Files

Scott Idem fc6600c33e feat: Home Assistant API tools (ha_get_state, ha_get_states, ha_call_service)

Register three HA orchestrator tools so Inara can read device states and
control devices via the HA REST API. ha_call_service requires admin role
and user confirmation.
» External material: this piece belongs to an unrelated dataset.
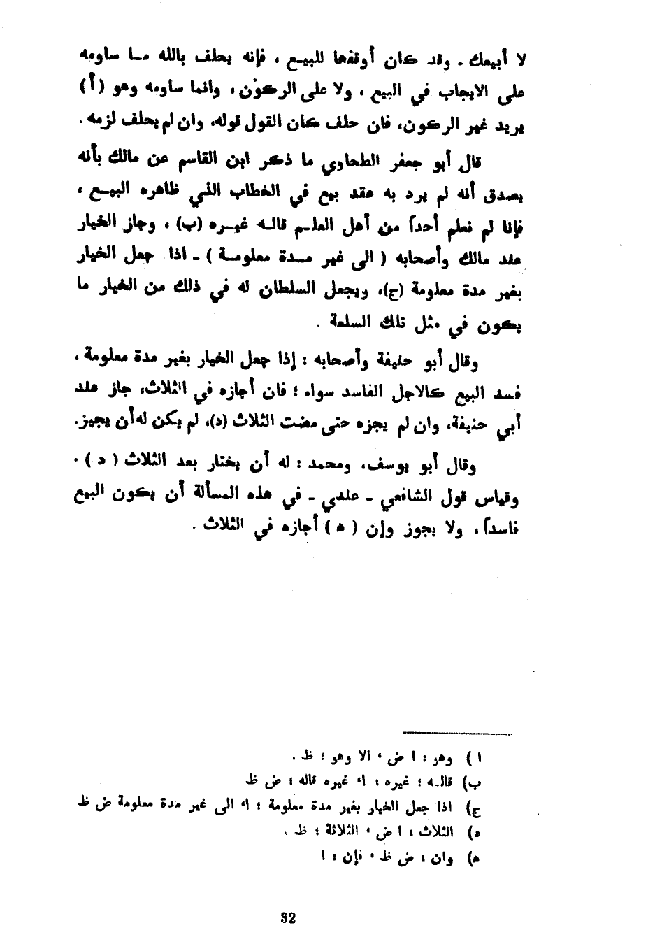 لَا أَبِيعُكَ وَقَدْ كَانَ أَوْقَفَهَا لِلْبَيْعِ فَإِنَّهُ يَحْلِفُ بِاللَّهِ مَا سَاوَمَهُ عَلَى الْإِيجَابِ فِي الْبَيْعِ وَلَا عَلَى الرُّكُونِ وَإِنَّمَا سَاوَمَهُ وَهُوَ يُرِيدُ غَيْرَ الرُّكُونِ فَإِنْ حَلَفَ كَانَ الْقَوْلُ قَوْلَهُ وَإِنْ لَمْ يَحْلِفْ لَزِمَهُ قَالَ أَبُو جَعْفَرٍ الطَّحَاوِيُّ مَا ذَكَرَ ابْنُ الْقَاسِمِ عَنْ مَالِكٍ بِأَنَّهُ يَصْدُقُ أَنَّهُ لَمْ يُرِدْ بِهِ عَقْدَ بَيْعٍ فِي الْخِطَابِ الَّذِي ظَاهِرُهُ الْبَيْعُ فإنا لَمْ نَعْلَمْ أَحَدًا مِنْ أَهْلِ الْعِلْمِ قَالَهُ غَيْرُهُ وَجَازَ الْخِيَارُ عِنْدَ مَالِكٍ وَأَصْحَابِهِ (إِلَى غَيْرِ مُدَّةٍ مَعْلُومَةٍ) إِذَا جَعَلَ الْخِيَارَ بِغَيْرِ مُدَّةٍ مَعْلُومَةٍ وَيَجْعَلُ السُّلْطَانُ لَهُ فِي ذَلِكَ مِنِ الْخِيَارِ مَا يَكُونُ فِي مِثْلِ تِلْكَ السِّلْعَةِ وَقَالَ أَبُو حَنِيفَةَ وَأَصْحَابُهُ إِذَا جُعِلَ الْخِيَارُ بِغَيْرِ مُدَّةٍ مَعْلُومَةٍ فَسَدَ الْبَيْعُ كَالْأَجَلِ الْفَاسِدِ سَوَاءً فَإِنْ أَجَازَهُ فِي الثَّلَاثِ جَازَ عِنْدَ أَبِي حَنِيفَةَ وَإِنْ لَمْ يُجِزْهُ حَتَّى مَضَتِ الثَّلَاثُ لَمْ يَكُنْ لَهُ أَنْ يُجِيزَ وقال أبو يوسف ومحمد له أن يختار بَعْدَ الثَّلَاثِ وَقِيَاسُ قَوْلِ الشَّافِعِيِّ عِنْدِي فِي هَذِهِ الْمَسْأَلَةِ أَنْ يَكُونَ الْبَيْعُ فَاسِدًا وَلَا يجوز وإن (هـ) أجازه في الثلاث
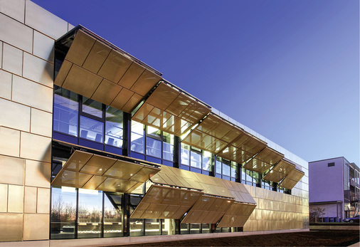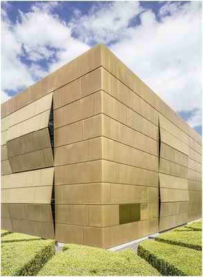Die optische und technische Abstimmung der Faltsysteme mit einer Gebäudehülle ist an der Firmenzentrale des Edelmetallhändlers Pro Aurum in München zu sehen. Am Neubau entstand eine vorgehängte, hinterlüftete Fassade, deren Kassetten aus Kupferprofilen der Marke KME Tecu Gold bestehen. Im Design spiegelt sich der Edelmetallhandel mehrfach wider, vor allem im Farbton der Profile. Die Kombination der goldenen Farbe mit der äußeren Form des quaderförmigen Gebäudes erinnert an einen riesigen Goldbarren, der dem Bauwerk zum Namen „Goldhaus“ verhalf. Der Werkstoff Tecu Gold besteht aus einer kalt formbaren, korrosionsbeständigen Kupferlegierung, die einen Anteil Aluminium enthält. Unter dem Einfluss der Witterung mattierte das Material am Gebäude und entwickelte die markante goldbraune Oberfläche.

Also includes accumulated UI fixes (setProcessing
helper, wasNewSession flag cleanup).

Co-Authored-By: Claude Sonnet 4.6 <noreply@anthropic.com>

2026-05-11 21:39:35 -04:00

8.9 KiB

Raw Blame History

Model Registry V2 — Design Document

Status: Phase 3 in progress Goal: Unified, provider-agnostic model management with clean role-based routing

Problem Statement

The original system had two classes of models with different treatment:

Type	How configured	How selected
Claude, Gemini	Hardcoded built-ins (`claude_cli`, `gemini_api`)	Backend toggle string ("claude"/"gemini")
Local (Ollama, Open WebUI)	Configured via `/settings/local`	Backend toggle string "local"
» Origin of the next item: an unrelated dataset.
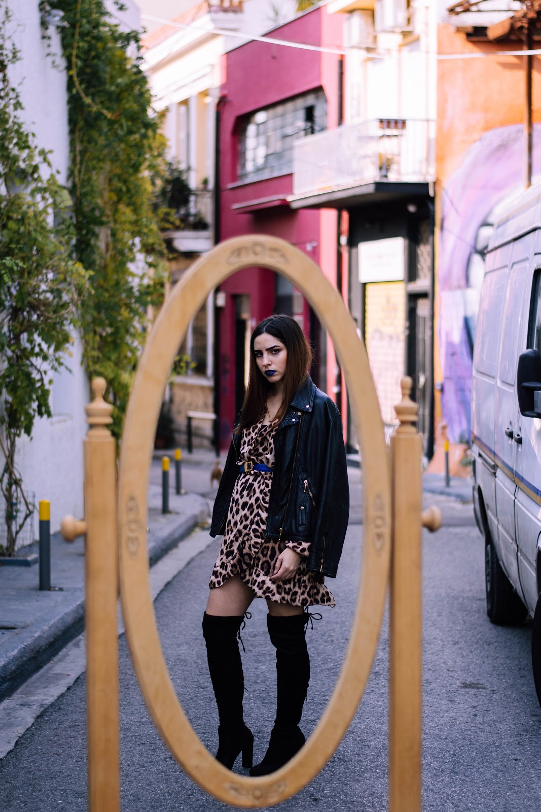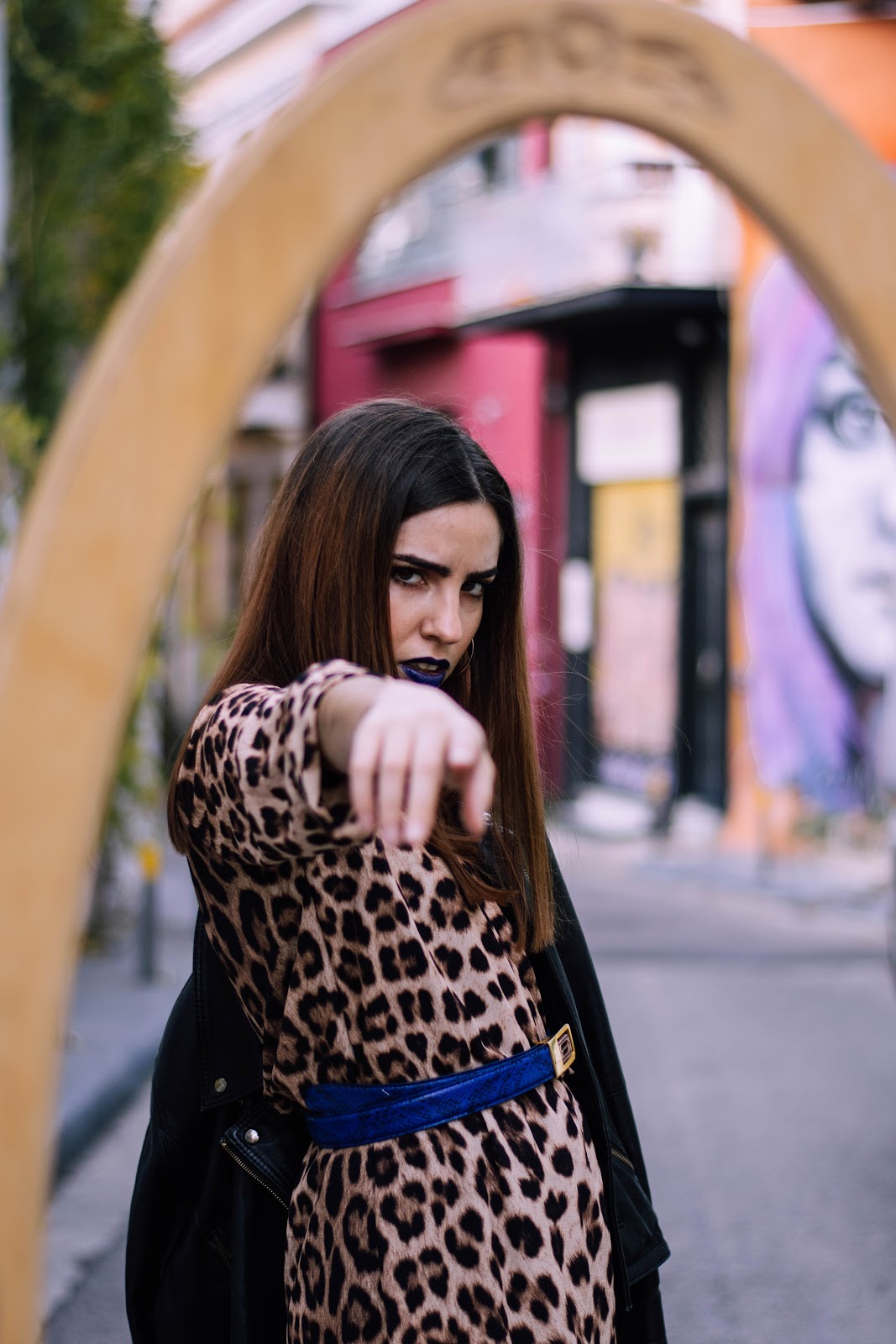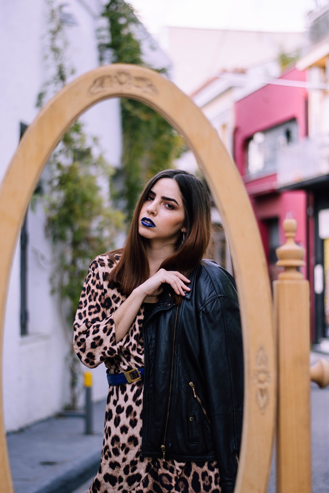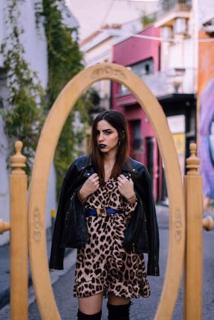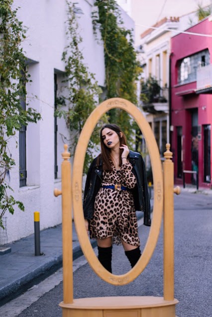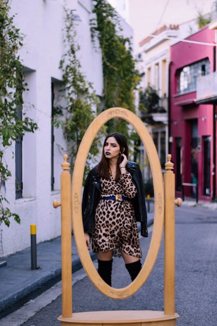 Hello Stalkers, Προφανώς και ξέρετε πως το animal print έχει γίνει η τάση της season,και μπορείτε να το βρείτε σαν μοτίβο σε ό,τι ρούχο ή αξεσουάρ προτιμάτε, σε πολλές αποχρώσεις πέραν των κλασσικών. Έτσι λοιπόν επέλεξα και εγώ να το προσθέσω στα OOTDs που μοιράζομαι μαζί σας μέσω του blog, και να δείτε πώς το προσάρμοσα στο δικό μου στυλ. Προτίμησα να το εντάξω στο look φορώντας ένα φόρεμα animal print,το οποίο είναι ανάλαφρο σαν γραμμή, με βολάν στο τελείωμα του και κρουαζέ δέσιμο στο στήθος. Ακριβώς επειδή έχει πιο φαρδιά γραμμή, πρόσθεσα μια ζώνη για να τονίσει την μέση μου, η οποία κάνει ελαφρώς snakeskin εφέ και είναι μπλε ρουά, ώστε να κάνει αντίθεση με τις γήινες αποχρώσεις του φορέματος μου. Για παπούτσια επέλεξα τις over-the-knee suede μαύρες μπότες μου, γιατί μιας και δεν μου αρέσει το καλσόν στο χρώμα του δέρματος, κάλυψα το μεγαλύτερο μέρος των ποδιών μου για να αντιμετωπίσω το κρύο. Το πανωφόρι μου είναι το αγαπημένο μου oversized vintage leather jacket το οποίο δίνει ένα πιο street mood στο outfit,ενώ το ολοκλήρωσα με μπλε χείλη τα οποία έκανα match με την ζώνη.

This breaks down when you want multiple Gemini API keys, OpenRouter alongside local models, role assignments spanning all provider types, or a toggle that shows which model is active instead of which service.

Architecture

Core concept: Providers + Credentials + Models + Roles

Providers (built-in, fixed set)
  └─ Anthropic       ← catalog of Claude model IDs (code constants)
  └─ Google          ← catalog of Gemini model IDs (code constants)
  └─ Local Host      ← OpenAI-compatible endpoint (user adds these)

Credentials (user-configured, stored in model_registry.json)
  └─ Anthropic       ← Claude CLI (OAuth, default) — API key support in Phase 4
  └─ Google          ← one or more API keys (one per Google account)
  └─ Local Host      ← api_key stored on the host record

Model Entries (user-registered)
  └─ Provider + model ID + credential = one usable model entry

Role Assignments (unified — any model entry can fill any role)
  └─ chat:         primary → backup_1 → backup_2
  └─ orchestrator: primary → backup_1
  └─ distill:      primary
  └─ (etc.)

Catalog design decision

Catalogs (ANTHROPIC_CATALOG, GOOGLE_CATALOG) are Python constants in model_registry.py, not stored in the per-user JSON. Updated with each code deploy. Per-user catalog customisation is deferred to Phase 4.

Backend toggle redesign (Phase 3)

Before: cycles service type strings — auto → claude → gemini → local

After: cycles through the chat role's configured models by label:

Sonnet 4.6 (CLI) → Gemini 2.5 Flash → Gemma 4 E4B → (wraps)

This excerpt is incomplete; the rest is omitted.